Endogenous CK levels increase before measurable bud growth and are not associated with auxin depletion

To investigate whether changes in CK levels occurred outside the zone of auxin depletion, we quantified CK levels in internode 2 and 4 stem segments and node 2 buds in intact and decapitated plants (Figure 1D; Supplemental Figure 1). The quantified CKs include three types of bioactive forms: isopentenyladenine (iP), trans-zeatin (tZ), and dihydrozeatin (DZ), and their precursors and transported forms including CK ribosides, which may also be bioactive (Nguyen et al., 2021), and CK nucleosides. As previously reported with smaller seedlings of pea (Tanaka et al., 2006), auxin levels reduced and levels of iP- and tZ-type of CKs increased in the upper stem, verifying the expected anti-correlation of auxin and CK within the zone of auxin depletion (internode 4 segment; Figure 1D).
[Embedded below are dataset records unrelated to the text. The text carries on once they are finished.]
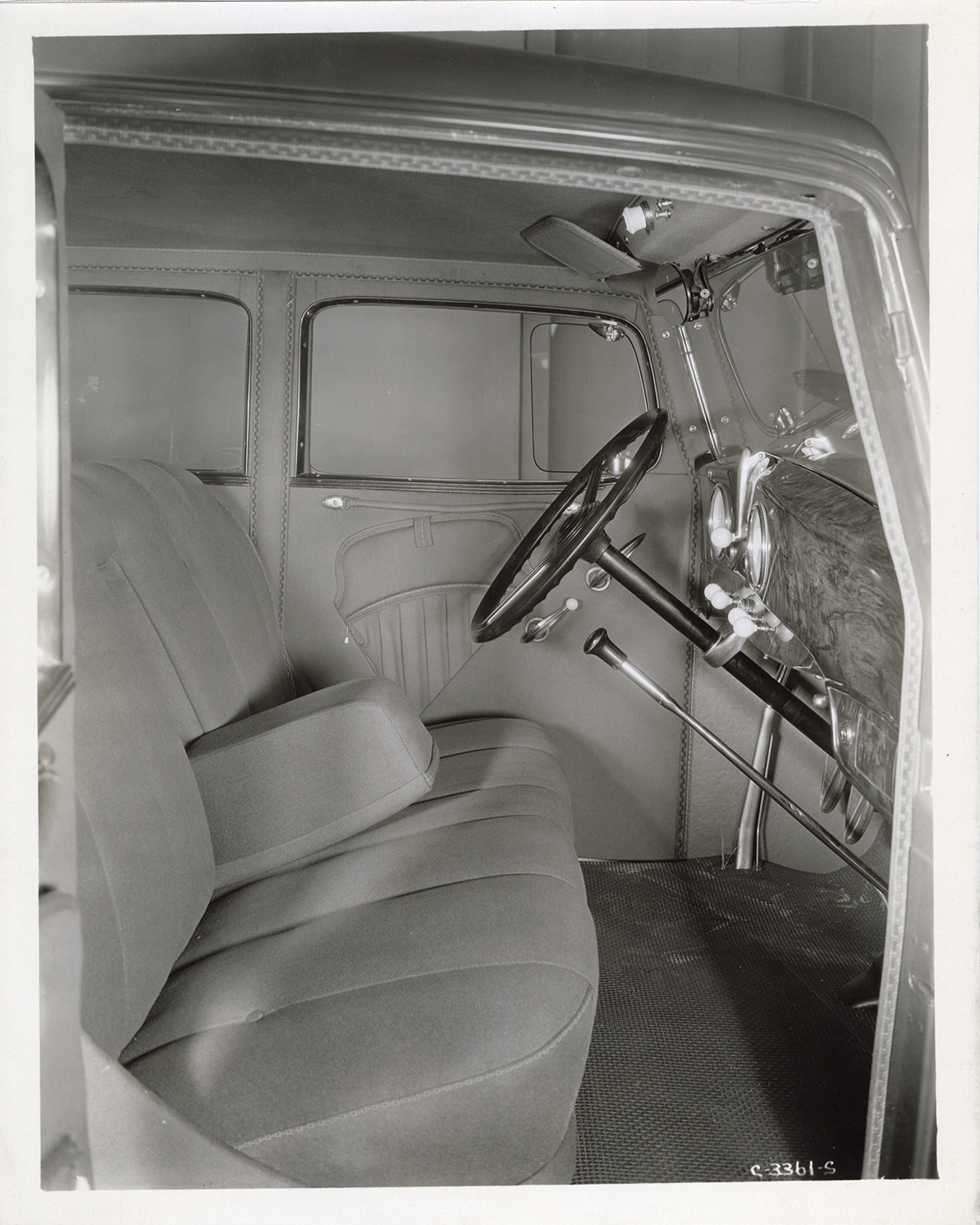 Favorite this☆ Interior, 1933 Hudson automobile Description: View of the front seat and steering wheel in a 1933 Hudson 8 Major Series L club sedan. Handwritten on back: "2-28-33. Model L, Hudson 8 Major Series club sedan, front int." Details Resource ID: na046704 Subject: Automobiles--Seats Automobiles--Interiors Hudson automobile Photographic prints Date Issued: 1933-02-28 Format: 1 photographic print mounted on fabric ; 10 x 8 in. Member of: National Automotive History Collection Filing Location: Hudson, 1933 #13 Rights: Physical rights are retained by DPL. Copyright is retained in accordance with U.S. copyright laws.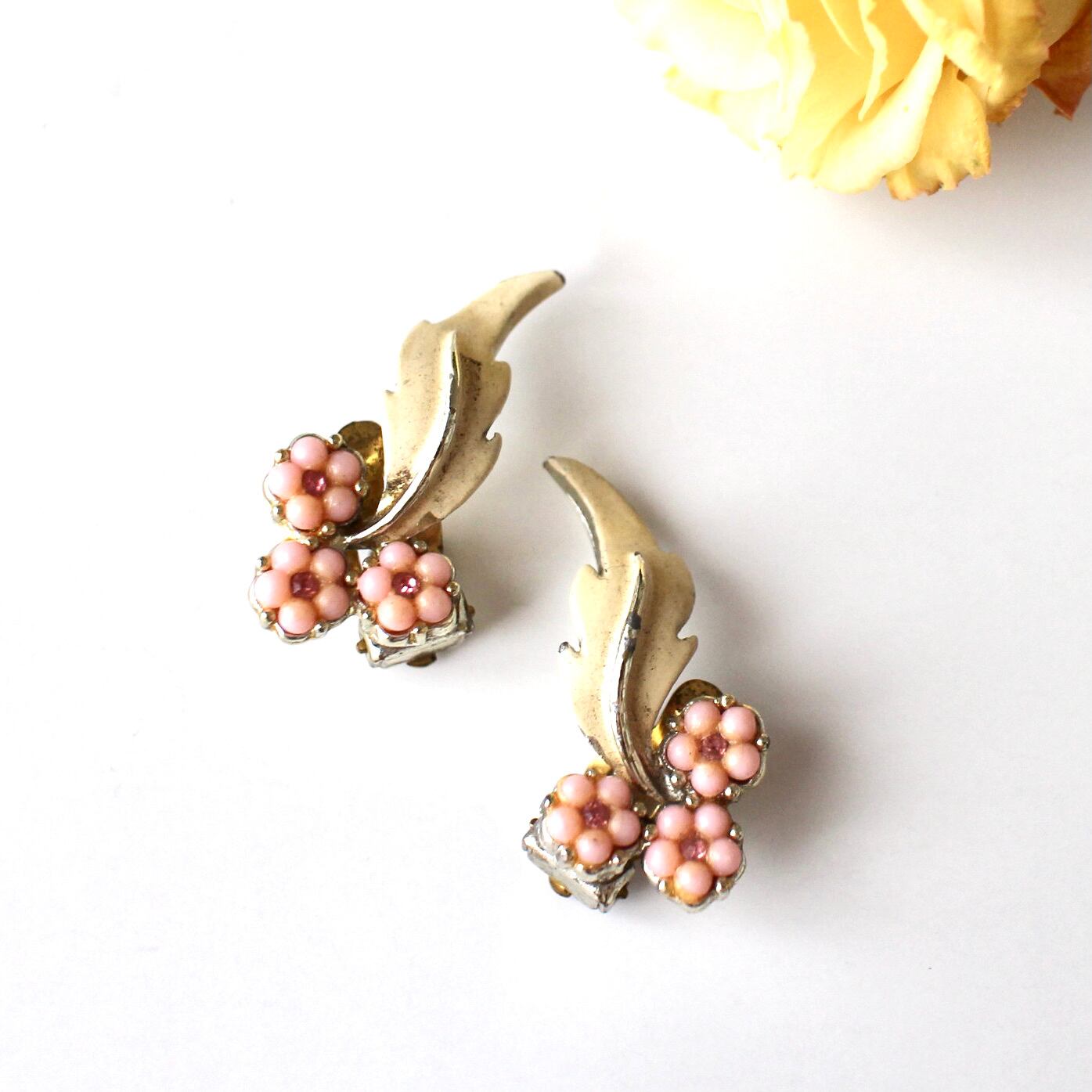 プチピンクフラワー*ペイントリーフ*ヴィンテージイヤリング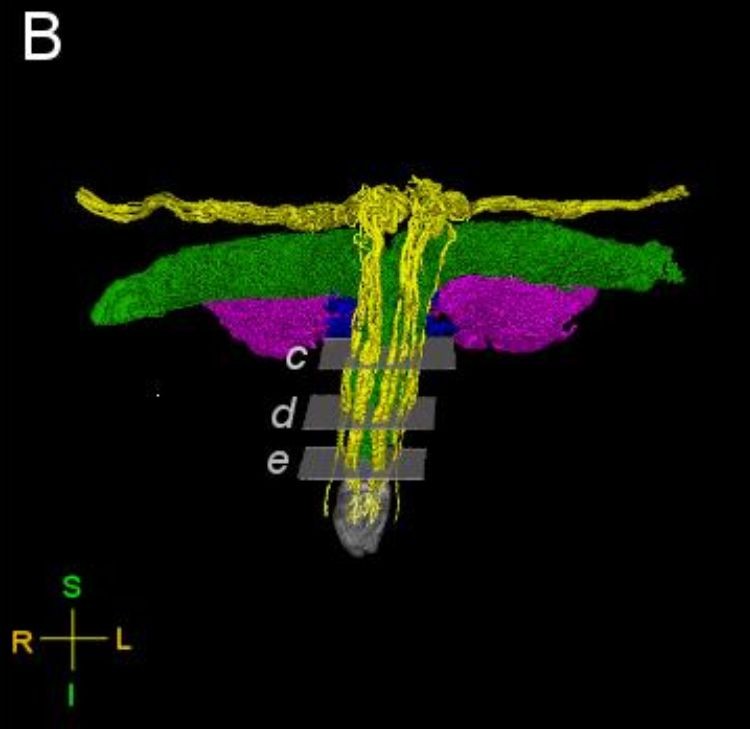 Tak wygląda łechtaczka. A dokładniej jej nerw grzbietowy (żółty), ciała jamiste (zielone), sieć żylna (niebieski), ciało gąbczaste (purpurowo-różowy) oraz żołądź (przezroczysty szary). Będziecie zaskoczeni – sam się bardzo zdziwiłem – że dopiero teraz opisano szczegółową anatomię układu nerwowego łechtaczki. A pomógł w tym synchrotron.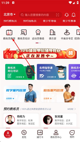 1、打開體教聯(lián)盟APP,在首頁點擊教練員推薦選項。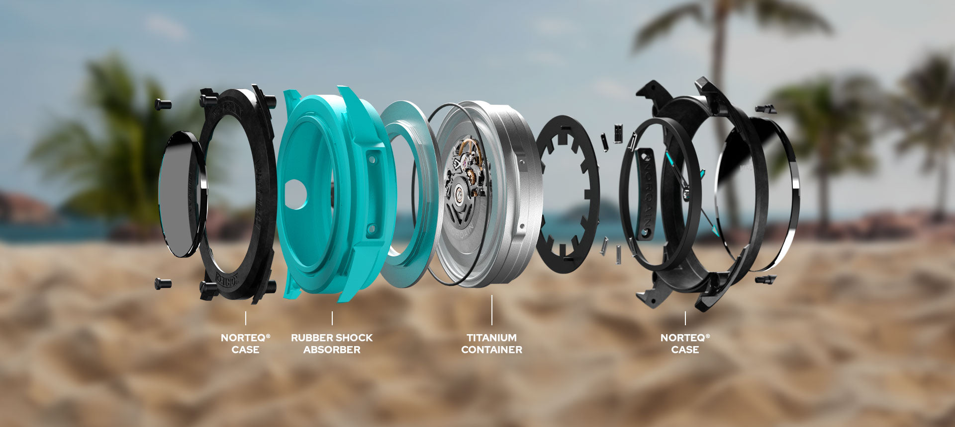 Die Wild ONE aus unserem ultra-robusten und ultra-leichten patentierten NORTEQ® Karbonfasermaterial ist die ultimative Hochleistungssportuhr. Sechsmal leichter als Stahl und 3.5-mal leichter als Titan wurde die Wild ONE in Zusammenarbeit mit Jean-Claude Biver, dem NORQAIN-Team und den besten Schweizer Lieferanten entwickelt.

Auxin levels were not depleted in the stem at internode 2 until after 6 h. However, in this region outside the zone of auxin depletion, CK levels also increased rapidly in the stem (Figure 1D). In internode 2, all CKs except for trans-zeatin riboside-5′-monophosphate (tZMP), tZ, and DZ increased significantly at 1 h after decapitation. CK levels also increased in node 2 buds within 1 h and this included all types of CKs except for iP and DZ-riboside (Figure 1D; Supplemental Figure 1). In node 2 buds, this significant increase in CKs was sustained or enhanced throughout the 24 h time course except for iP which first significantly increased at 3 h in buds and then stopped accumulating and showed a significant decrease at 24 h after decapitation relative to the intact control (Figure 1D). Interestingly, outside the zone of auxin depletion in the stem, the auxin content in axillary buds at node 2 increased significantly at 3 h and continued to rise thereafter as previously described in bean (Phaseolus vulgaris) (Gocal et al., 1991).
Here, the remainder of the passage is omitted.